東京一極集中の是正は、国家の緊急課題。

毎週、東京への一極集中の勢いをひしひしと実感してます。東京・三軒茶屋に通う小田急線も東急田園都市線もひどく混みあいてしんどいです。

新宿や渋谷の繁華街の夜は雑踏そのもの。地方での暮らしになじんでしまったものとしては息苦しさを感じます。ごみの散乱もひどいです。

東京オリンピックに向けて競技場を建設するのも大仕事でしょうが雑踏の汚さは日本国家として恥です。
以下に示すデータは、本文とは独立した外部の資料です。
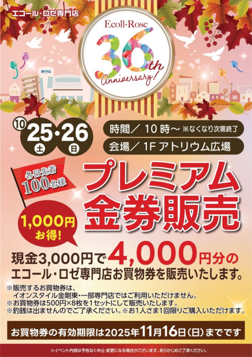各日先着100名様限定で現金3,000円で4,000円分のエコール・ロゼ専門店お買物券を販売いたします!

清潔に保つための一大キャンペーンが不可欠です。

先月総務省は住民基本台帳に基づいて人口の動きの現状を発表しました。東京都を中心とする東京圏への転入が12万人多くて22年連続だということです。

1990年代前半バブル経済が破綻し東京圏から転出するのかと思ったら逆に都心回帰が始まり現在もそのままの傾向が止まりません。

30歳未満の若い世代が入学や就職で流入しているのが原因だと総務省は分析しています。若い世代の東京圏への流入は人口減少を加速させます。

東京の昨年の合計特殊出生率は、1.24で上昇したとはいえまだまだ低いです。東京に大挙若者が押し寄せれば押し寄せるほど日本の人口を減らします。

それにしても東京人気は高いです。先週、東京・文京区役所を訪れる機会がありました。危機管理の担当責任者が山北町出身で驚きました。

神奈川県西部からも続々と東京に出ていることを垣間見ました。文局は人口も子供の数も増えています。東京都心の人気を象徴しているような場所です。

2000年代の初め文京区の教育委員長とシンポジウムでご一緒する機会がありました。樺山紘一さんという西洋史の大家で東大の名誉教授です。

こうした人材が教育委員長を務める地域であることだけでもステイタスがわかります。樺山さんは子供の数が減り小学校の統廃合の可能性を話してました。

文京区の人口は、東京オリンピック前1963年に25万人を超えた人口は減少を始め1998年には16万5千人にまで落ち込みました。

しかしその後は増加に転じ現在は22万人近くまでV字回復しています。区内の工場が移転した後にマンションの建設が進み若い世代の人口が増えているのです。

文京区には東大を始め有名な大学が数多く存在します。150人もの大学生が延べ2000回近く子供たちの授業をサポートするなど教育に力を注いでます。

大変に交通が便利で比較的緑も多く後楽園を始め賑わいの場所もあり、しかも保護者にとって気になる教育に熱心となったら若い人をひきつけます。

地方は大学も働く場も人材も圧倒的に差を付けられてしまってます。このまま放置すれば東京圏への人口流入はとどまることはないでしょう。

都心の大学の入学定員を厳格化するなどの手立てを講じてますが抜本改革には程遠いです。根本から現状を改革する方策が必要です。

このまま一極集中が続くということは首都直下型地震を始め大災害に大変にもろいということと同じです。国家的なリスクです。

私は大胆な首都機能の移転が必要だと思います。国会の移転だけでなく皇居の移転、遷都もタブー視することなく国会で堂々と議論すべきだと思います。